--- TASK ITEM ---
Would you retype the whole listing verbatim, keeping pictures out of it?

--- DATASET EXCERPTS ---
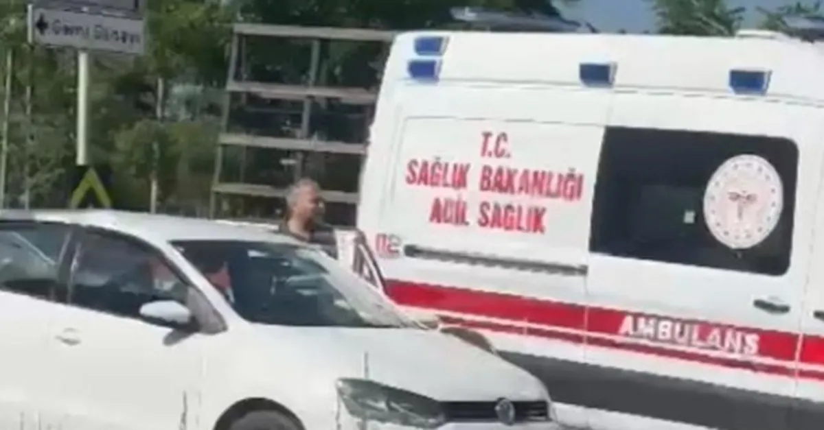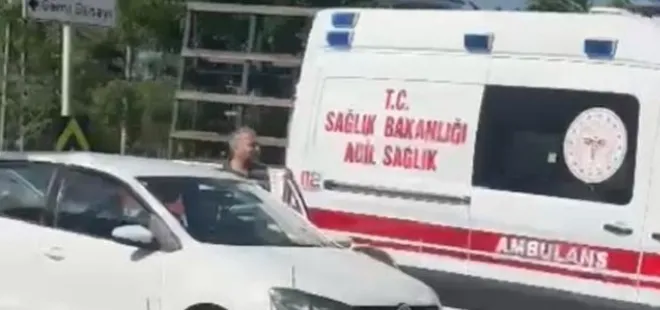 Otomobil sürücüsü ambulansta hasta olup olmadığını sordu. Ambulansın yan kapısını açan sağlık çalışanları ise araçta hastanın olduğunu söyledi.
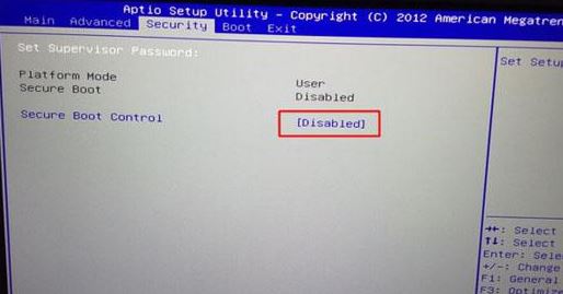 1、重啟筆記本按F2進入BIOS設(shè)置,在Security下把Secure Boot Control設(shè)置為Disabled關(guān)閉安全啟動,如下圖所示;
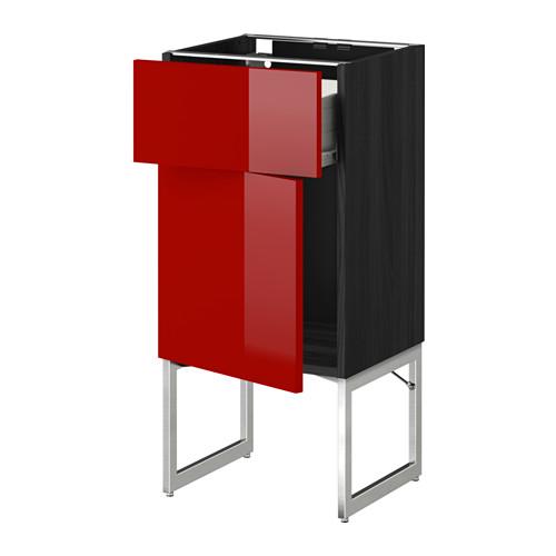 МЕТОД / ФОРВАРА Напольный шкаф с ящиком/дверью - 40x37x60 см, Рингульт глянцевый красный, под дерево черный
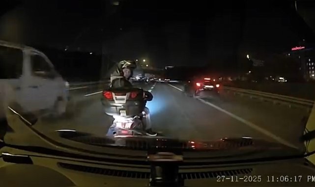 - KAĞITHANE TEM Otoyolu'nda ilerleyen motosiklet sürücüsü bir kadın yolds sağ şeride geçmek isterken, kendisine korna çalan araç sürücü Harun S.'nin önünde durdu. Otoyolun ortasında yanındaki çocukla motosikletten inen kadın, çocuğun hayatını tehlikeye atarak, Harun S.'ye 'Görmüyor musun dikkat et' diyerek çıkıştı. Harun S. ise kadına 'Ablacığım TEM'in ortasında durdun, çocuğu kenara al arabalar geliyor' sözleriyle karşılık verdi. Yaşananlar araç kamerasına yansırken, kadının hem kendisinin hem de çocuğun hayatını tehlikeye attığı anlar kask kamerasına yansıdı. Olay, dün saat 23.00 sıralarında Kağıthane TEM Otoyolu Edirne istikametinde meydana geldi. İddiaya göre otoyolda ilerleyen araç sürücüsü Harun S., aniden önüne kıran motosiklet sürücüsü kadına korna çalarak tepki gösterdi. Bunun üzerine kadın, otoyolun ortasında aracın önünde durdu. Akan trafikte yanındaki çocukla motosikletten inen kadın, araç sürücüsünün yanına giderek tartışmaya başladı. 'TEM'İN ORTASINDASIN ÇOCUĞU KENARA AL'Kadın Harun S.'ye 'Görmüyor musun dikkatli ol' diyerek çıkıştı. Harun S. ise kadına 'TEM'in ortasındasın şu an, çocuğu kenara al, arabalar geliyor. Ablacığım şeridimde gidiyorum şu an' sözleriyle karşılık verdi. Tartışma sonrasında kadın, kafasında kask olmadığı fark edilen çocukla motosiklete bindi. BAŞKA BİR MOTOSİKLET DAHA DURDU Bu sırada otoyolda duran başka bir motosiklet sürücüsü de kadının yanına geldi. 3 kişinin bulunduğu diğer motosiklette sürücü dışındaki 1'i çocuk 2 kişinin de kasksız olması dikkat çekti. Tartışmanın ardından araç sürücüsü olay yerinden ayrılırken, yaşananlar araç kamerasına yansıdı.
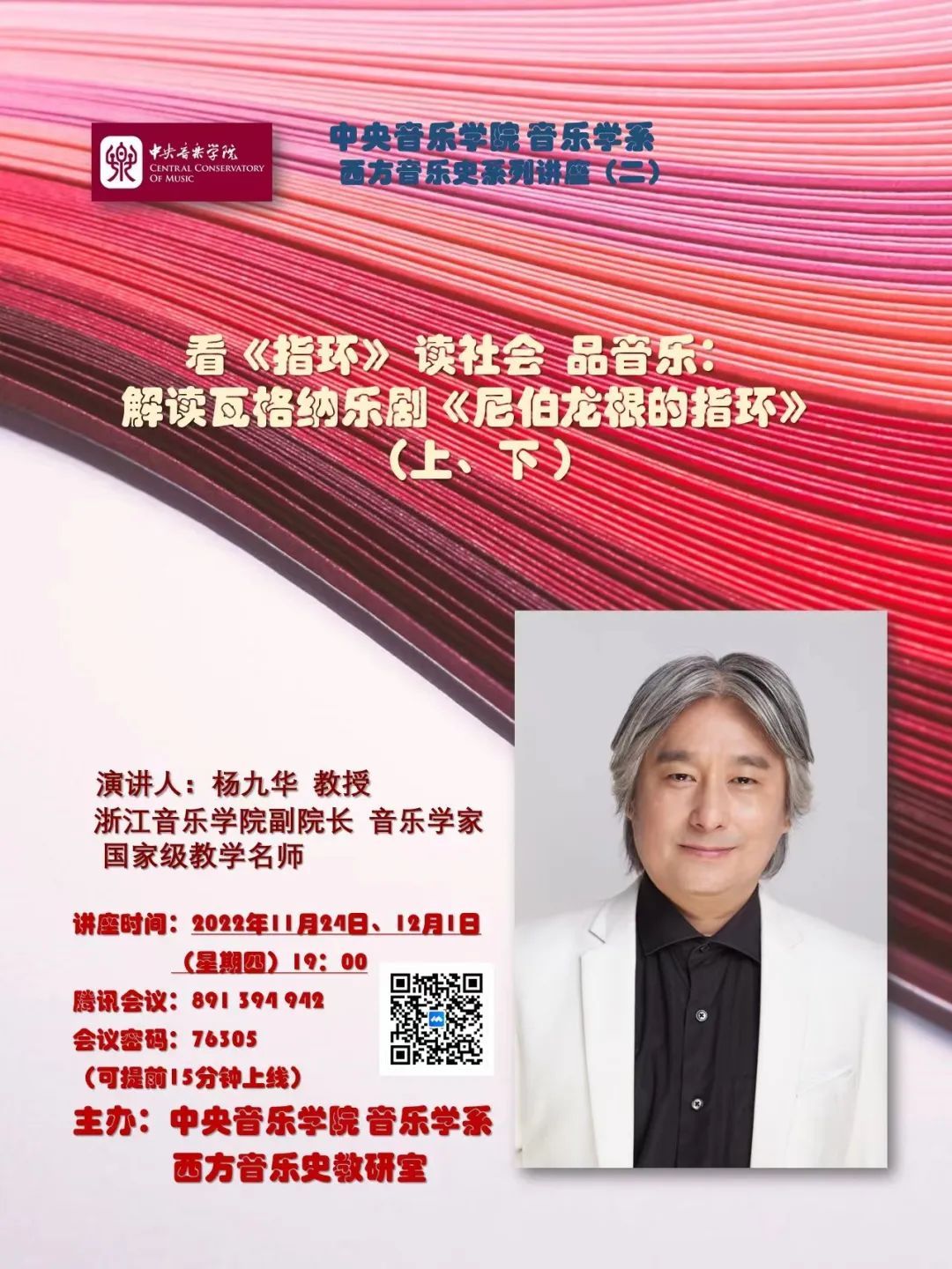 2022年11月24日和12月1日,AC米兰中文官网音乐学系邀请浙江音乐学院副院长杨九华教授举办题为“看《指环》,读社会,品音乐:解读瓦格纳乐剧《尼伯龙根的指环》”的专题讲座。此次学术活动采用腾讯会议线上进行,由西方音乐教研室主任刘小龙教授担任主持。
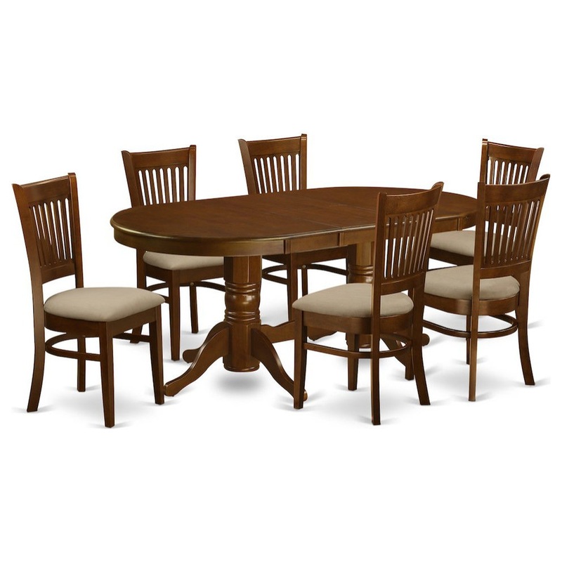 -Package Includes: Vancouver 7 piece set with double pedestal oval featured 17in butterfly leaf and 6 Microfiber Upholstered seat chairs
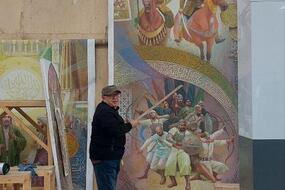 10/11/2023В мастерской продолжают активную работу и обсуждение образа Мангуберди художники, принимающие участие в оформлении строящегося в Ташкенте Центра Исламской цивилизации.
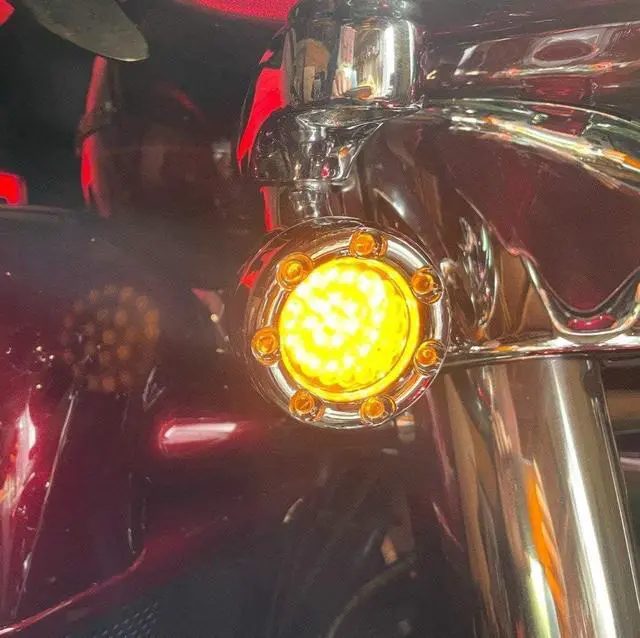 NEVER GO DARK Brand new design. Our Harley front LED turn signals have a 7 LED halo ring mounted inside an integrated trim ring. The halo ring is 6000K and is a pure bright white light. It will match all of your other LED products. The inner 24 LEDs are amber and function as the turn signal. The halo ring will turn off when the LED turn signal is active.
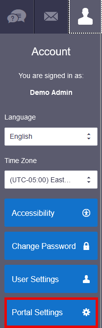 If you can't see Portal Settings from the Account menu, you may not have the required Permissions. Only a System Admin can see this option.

--- RESULT OF THIS EXERCISE ---
 Otomobil sürücüsü ambulansta hasta olup olmadığını sordu. Ambulansın yan kapısını açan sağlık çalışanları ise araçta hastanın olduğunu söyledi.
 1、重啟筆記本按F2進入BIOS設(shè)置,在Security下把Secure Boot Control設(shè)置為Disabled關(guān)閉安全啟動,如下圖所示;
 МЕТОД / ФОРВАРА Напольный шкаф с ящиком/дверью - 40x37x60 см, Рингульт глянцевый красный, под дерево черный
 - KAĞITHANE TEM Otoyolu'nda ilerleyen motosiklet sürücüsü bir kadın yolds sağ şeride geçmek isterken, kendisine korna çalan araç sürücü Harun S.'nin önünde durdu. Otoyolun ortasında yanındaki çocukla motosikletten inen kadın, çocuğun hayatını tehlikeye atarak, Harun S.'ye 'Görmüyor musun dikkat et' diyerek çıkıştı. Harun S. ise kadına 'Ablacığım TEM'in ortasında durdun, çocuğu kenara al arabalar geliyor' sözleriyle karşılık verdi. Yaşananlar araç kamerasına yansırken, kadının hem kendisinin hem de çocuğun hayatını tehlikeye attığı anlar kask kamerasına yansıdı. Olay, dün saat 23.00 sıralarında Kağıthane TEM Otoyolu Edirne istikametinde meydana geldi. İddiaya göre otoyolda ilerleyen araç sürücüsü Harun S., aniden önüne kıran motosiklet sürücüsü kadına korna çalarak tepki gösterdi. Bunun üzerine kadın, otoyolun ortasında aracın önünde durdu. Akan trafikte yanındaki çocukla motosikletten inen kadın, araç sürücüsünün yanına giderek tartışmaya başladı. 'TEM'İN ORTASINDASIN ÇOCUĞU KENARA AL'Kadın Harun S.'ye 'Görmüyor musun dikkatli ol' diyerek çıkıştı. Harun S. ise kadına 'TEM'in ortasındasın şu an, çocuğu kenara al, arabalar geliyor. Ablacığım şeridimde gidiyorum şu an' sözleriyle karşılık verdi. Tartışma sonrasında kadın, kafasında kask olmadığı fark edilen çocukla motosiklete bindi. BAŞKA BİR MOTOSİKLET DAHA DURDU Bu sırada otoyolda duran başka bir motosiklet sürücüsü de kadının yanına geldi. 3 kişinin bulunduğu diğer motosiklette sürücü dışındaki 1'i çocuk 2 kişinin de kasksız olması dikkat çekti. Tartışmanın ardından araç sürücüsü olay yerinden ayrılırken, yaşananlar araç kamerasına yansıdı.
 2022年11月24日和12月1日,AC米兰中文官网音乐学系邀请浙江音乐学院副院长杨九华教授举办题为“看《指环》,读社会,品音乐:解读瓦格纳乐剧《尼伯龙根的指环》”的专题讲座。此次学术活动采用腾讯会议线上进行,由西方音乐教研室主任刘小龙教授担任主持。
 -Package Includes: Vancouver 7 piece set with double pedestal oval featured 17in butterfly leaf and 6 Microfiber Upholstered seat chairs
 10/11/2023В мастерской продолжают активную работу и обсуждение образа Мангуберди художники, принимающие участие в оформлении строящегося в Ташкенте Центра Исламской цивилизации.
 NEVER GO DARK Brand new design. Our Harley front LED turn signals have a 7 LED halo ring mounted inside an integrated trim ring. The halo ring is 6000K and is a pure bright white light. It will match all of your other LED products. The inner 24 LEDs are amber and function as the turn signal. The halo ring will turn off when the LED turn signal is active.
 If you can't see Portal Settings from the Account menu, you may not have the required Permissions. Only a System Admin can see this option.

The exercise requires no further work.